Department of Internal Medicine and Cardiology, Oslo University Hospital, Oslo, Norway

Correspondence to Eivind Berge, Department of Internal Medicine and Cardiology, Oslo University Hospital, Oslo, Norway. E-mail: eivind.berge@medisin.uio.no

Acute intracerebral haemorrhage is a devastating disease, and there are few means to affect its natural course. The general principles of effective acute stroke care apply [1], but there are no specific treatments available, except perhaps surgical evacuation of selected haematomas [2]. Haemostatic treatment with factor VIIa inhibitors has shown disappointing results, although trials of other haemostatic agents are ongoing.

It was therefore a long hope coming through when the results of the second Intensive Blood Pressure Reduction in Acute Cerebral Hemorrhage Trial (INTERACT2) were presented in 2013 [3]. The study showed that early and intensive blood pressure-lowering treatment during the first 6 h of intracerebral haemorrhage was associated with improved functional outcome 3 months later. The trial just failed to show a statistically significant difference in the primary analysis of the dichotomous modified Rankin scale, but the more sensitive ordinal method gave a statistically significant result. Subsidiary analyses have also shown consistency of results, both for important secondary effect variables (such as quality of life), and in various subgroups of patients [3]. The trial has generally been interpreted as showing a positive effect of treatment, and has had an important influence on guidelines for treatment of high blood pressure in the acute phase of intracerebral haemorrhage [1].

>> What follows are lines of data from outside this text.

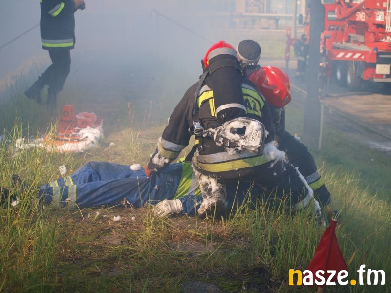 - Głównym założeniem naszych ćwiczeń był wyciek asfaltu z jednego ze zbiorników. Podczas wycieku ten asfalt zapalił się. Mieliśmy dwie osoby poszkodowane. Musieliśmy udzielić pierwszej pomocy, zatamować wyciek i ugasić palący się asfalt. Dodatkowo pojawiło się takie utrudnienie. W pobliskim budynku nastąpił wybuch butli z acetylenem. Podczas prac spawalniczych zapaliły się węże przy tych butlach. Tam mieliśmy jedną osobę poszkodowaną. Dwóch pracowników zgubiło się i musieliśmy je odnaleźć i żeby było jeszcze ciekawiej, to podczas tego drugiego epizodu jednego z pracowników przygniótł worek z posypką do papy. Myślę, że ćwiczenia bardzo ciekawe - wyjaśnia Grzegorz Styczyński, który dowodził akcją.
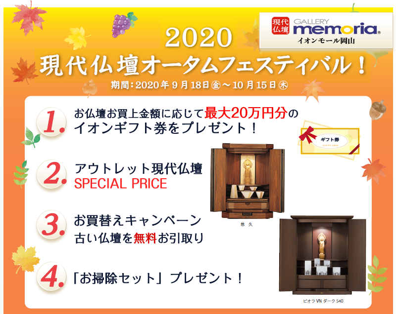 イオンモール岡山店では、2020年9月18日(金)~10月15日(木) の期間で「現代仏壇オータムフェスティバル!」を開催いたします。
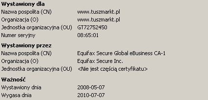 Do zabezpieczania Państwa danych przesyłanych do naszej firmy (czyli: dane osobowe, hasła) używany jest bezpieczny protokół SSL. Certyfikat SSL pozwala także na sprawdzenie tożsamości Sklepu Internetowego TUSZMARKT.PL. Wykorzystywany przez naszą firmę certyfikat jest obsługiwany przez 99% przeglądarek na rynku i pozwala na przesyłanie danych kluczem 256 - bitowym. Aby sprawdzić, czy Państwa dane są bezpieczne, prosimy o sprawdzenie czy w pasku adresowym adres internetowy zaczyna się znakami https:// i czy w prawej, dolnej części przeglądarki znajduje się zamknięta kłódka. Poniżej znajduje się screen certyfikatu.
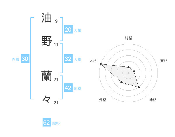 油野 蘭々さんの総格は62画の1点!
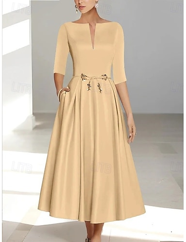 Linea ad A Lunghezza Tè Abiti da Cocktail Abiti da festa Elegante Minimalista Manica 3/4 Collo gioiello Ospite di nozze Abbigliamento da Festa Invitato a matrimonio autunnale Raso con Pieghe
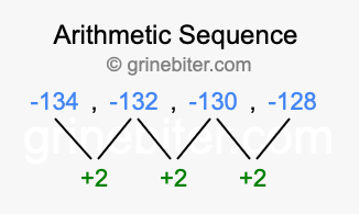 So, what type of sequence is -134, -132, -130, -128? The sequence -134, -132, -130, -128 has a common difference of +2 between each term. We call this kind of sequence an arithmetic sequence. Below is an image illustrating the correlation between the arithmetic sequence -134, -132, -130, -128 and its common difference of +2.
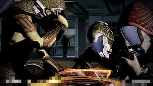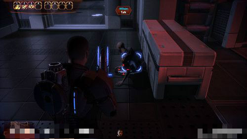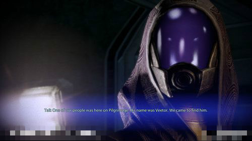 搜刮完后前往出现机器人的房间,这里没有什么危险情况,大胆穿越前往另一个门。刚过那边的大门剧情便被触发,一个老熟人出现。一代中的队友Tali出现,随同她的还有个叫Prazza的伙伴。警惕的Prazza马上举枪瞄准你们,但Tali马上认出了以前的战友制止了冲突。随后她便道出了同Prazza此行的目的是为了搜救一名叫做Veetor的伙伴。这里玩家可以选择让Tali等人自己去行动,但貌似这个选择有点2,多两把枪不是挺好。他们虽然不会直接加入你的编队但是会陪同你一起战斗。
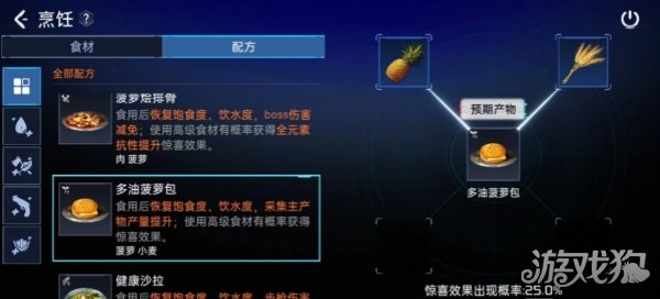 仰望星辰派是第一个要说的紫色食材了,这是一道馅饼菜,如果想要制作这道菜的话,需要四种原材料,第一种是水,第二个是小麦,第三个是鱼类,最后一个则是肉了,食材除了对游戏中的角色有饱腹的作用之外,还有一个效果那就是使对手受到10%的致命伤害,还是一道不错的菜谱的。
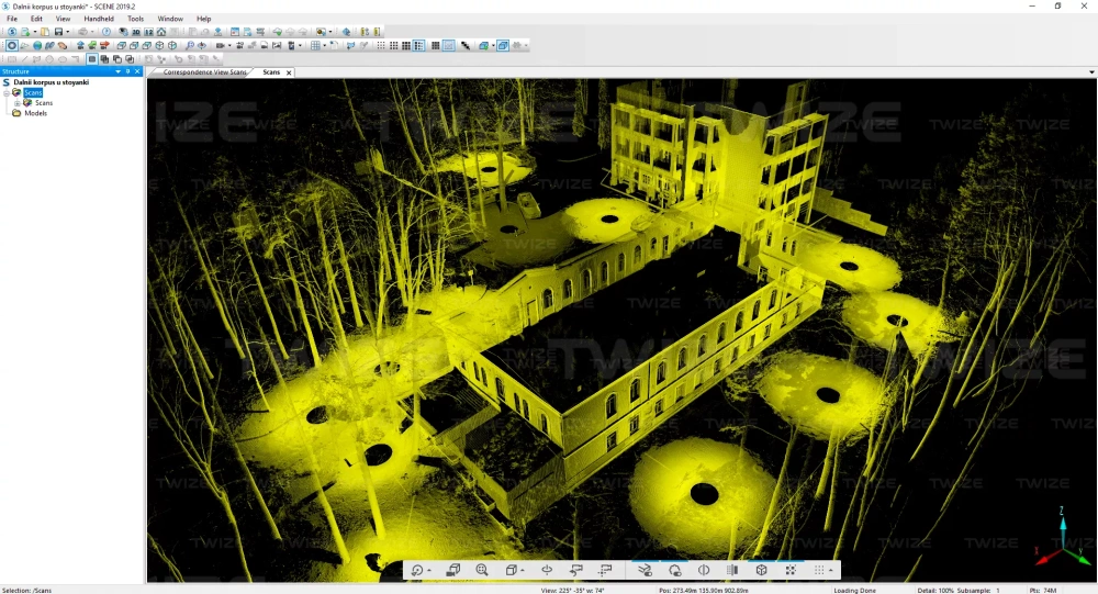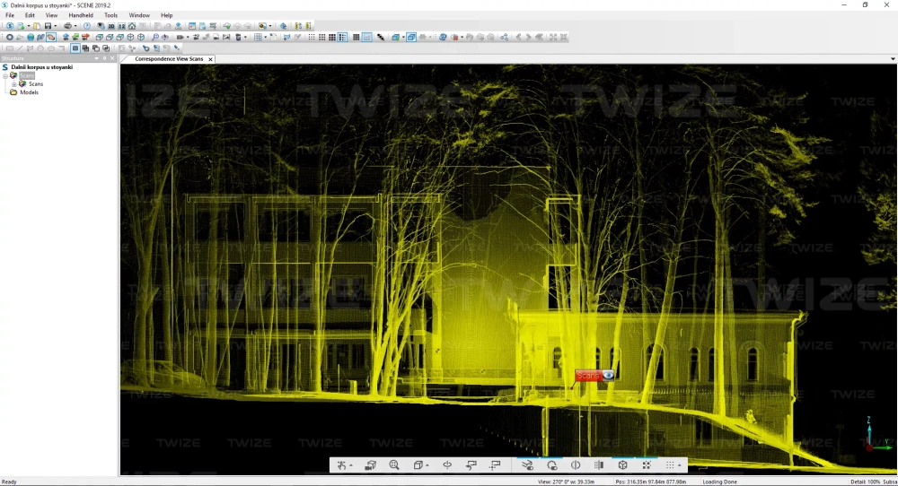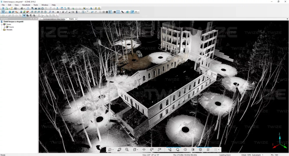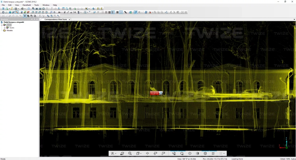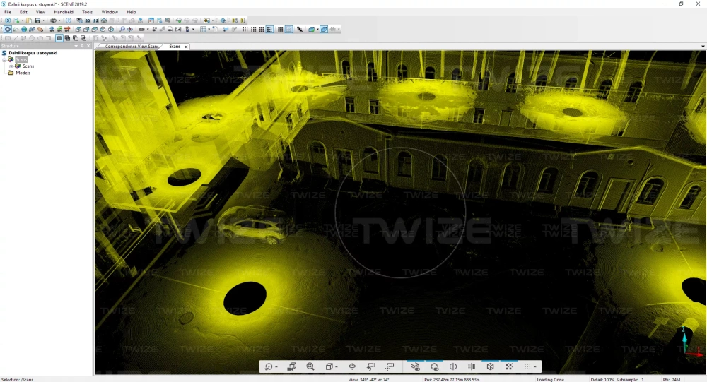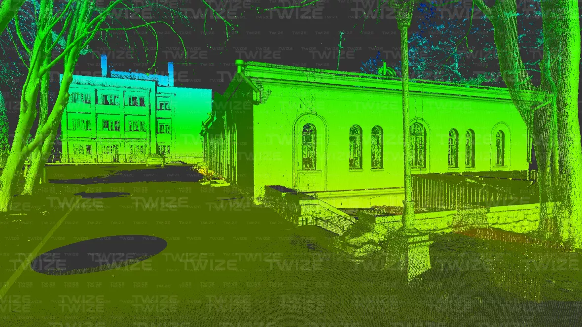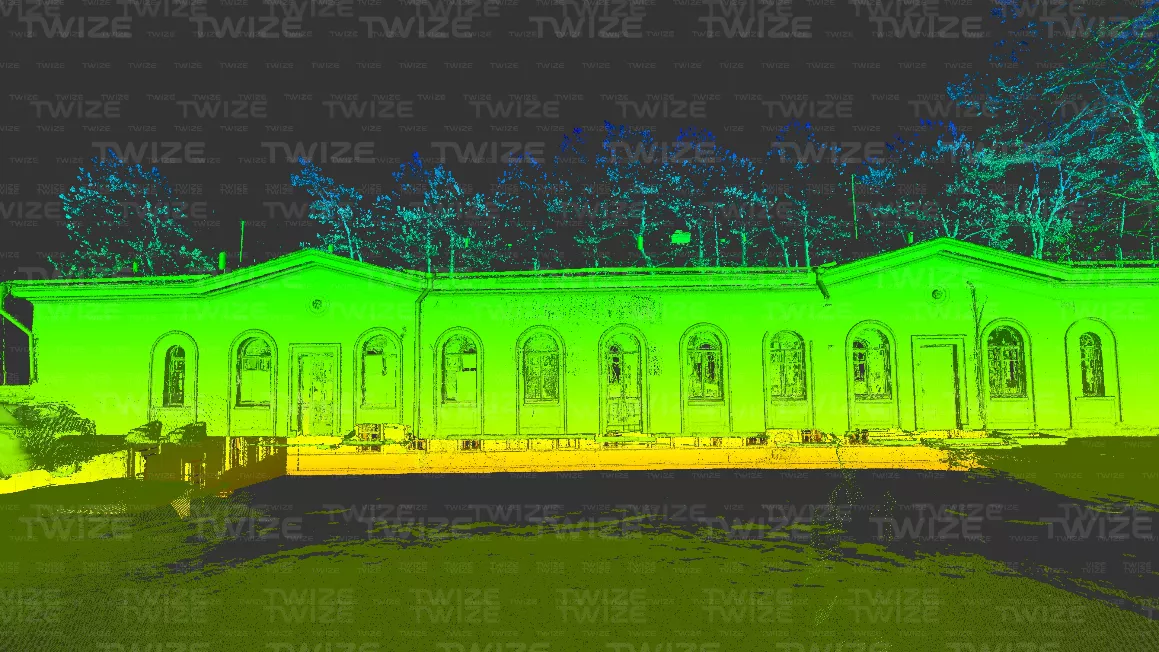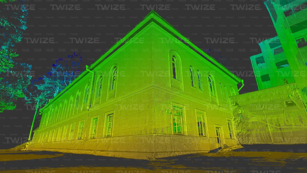 Проведено 3D‑сканирование фасада здания. По результатам сканирования сформировать облако точек здания.
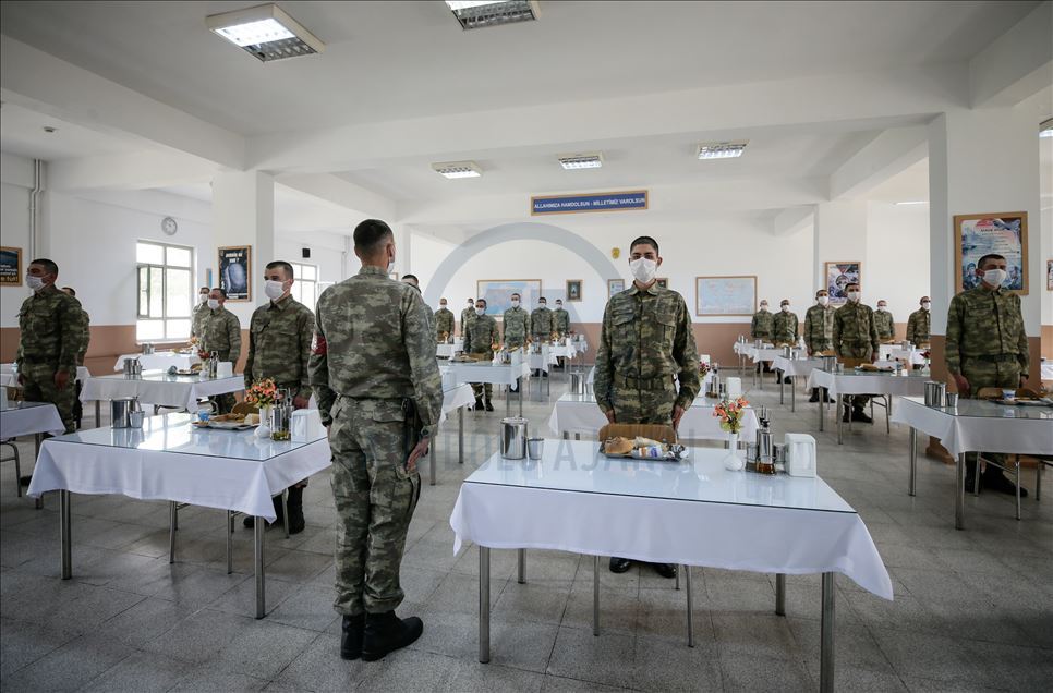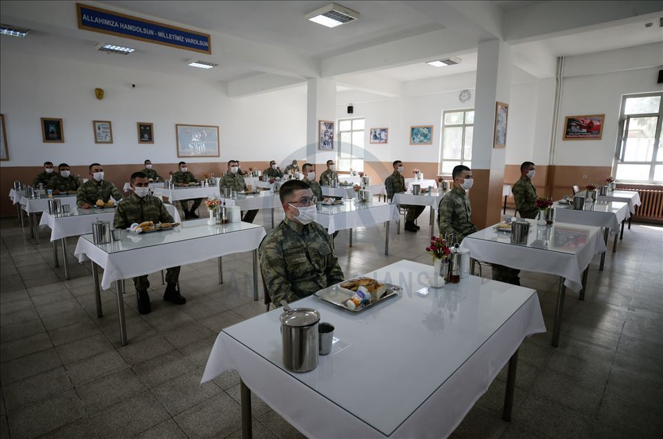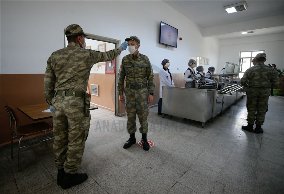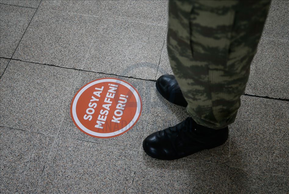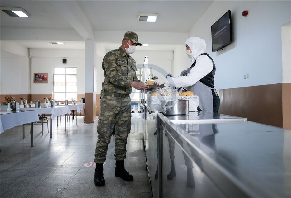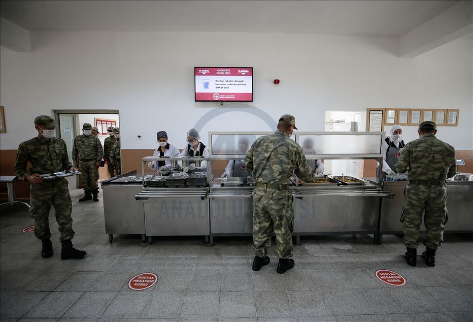 Ege Ordusu Komutanlığının İzmir'in Foça ilçesinde bulunan Ulaştırma ve Terminal Birlik Komutanlığında, yeni tip koronavirüse (Kovid-19) karşı askeri personel ve erlerin korunması, salgının yayılmaması için alınan tedbirler titizlikle uygulanıyor. Komutanlıkta koronavirüs tedbirleri kapsamında Mehmetçiğe ayrılan yemekhane bölümünde sosyal mesafe kuralına uyuluyor. ( Mahmut Serdar Alakuş - Anadolu Ajansı )Mahmut Serdar Alakuş
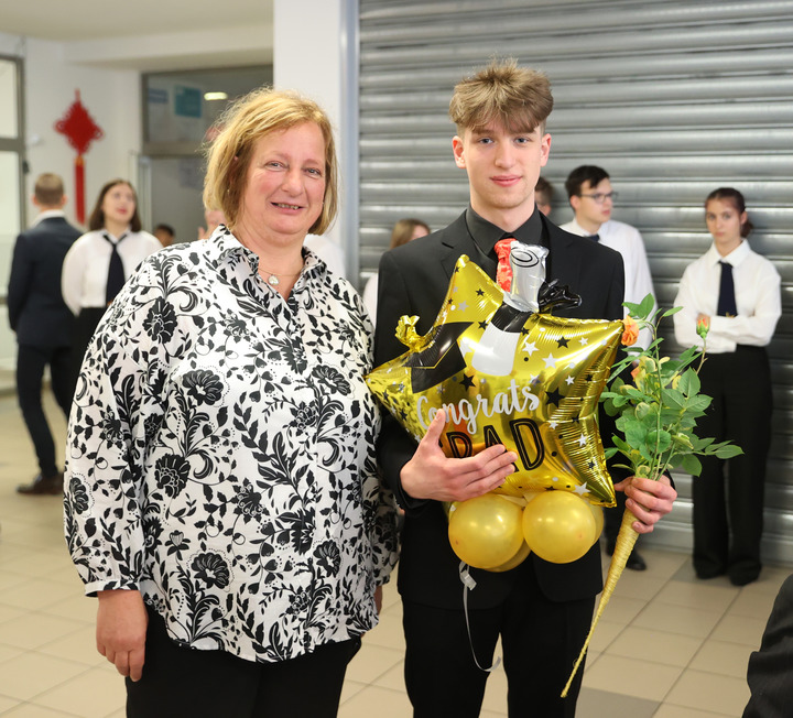 5月3日,在匈中双语学校,12年级毕业生马蒂和家人在毕业典礼上合影。

Because INTERACT2 was not clearly positive by its primary analysis, and because it is so far the only large trial of its kind, it is reassuring to see that the results can be supported by other sources of evidence. In this issue of the Journal, authors from the Stroke Acute Management with Urgent Risk Factor Assessment and Improvement – Intracerebral Hemorrhage (SAMURAI-ICH) study have looked at the effects of blood pressure-lowering in a case series of 211 Japanese patients with intracerebral haemorrhage and systolic high blood pressure over 180 mmHg [4]. Patients were treated with intravenous nicardipine within 3 h of stroke onset, and the aim was to achieve a systolic blood pressure between 120 and 160 mmHg and to keep the pressure in that range during the first 24 h [5]. The study was well done and the blood pressure reduction was impressive: the median time to reach the target blood pressure was only 30 min, and the proportion of time with blood pressure within target range was nearly 80%. In the multivariable analysis reported in this issue, there are statistically significant associations between level of relative systolic blood pressure reduction and reduction in the risk of haematoma expansion and neurological deterioration in the acute phase and functional outcome at 3 months. Data on deaths are not reported.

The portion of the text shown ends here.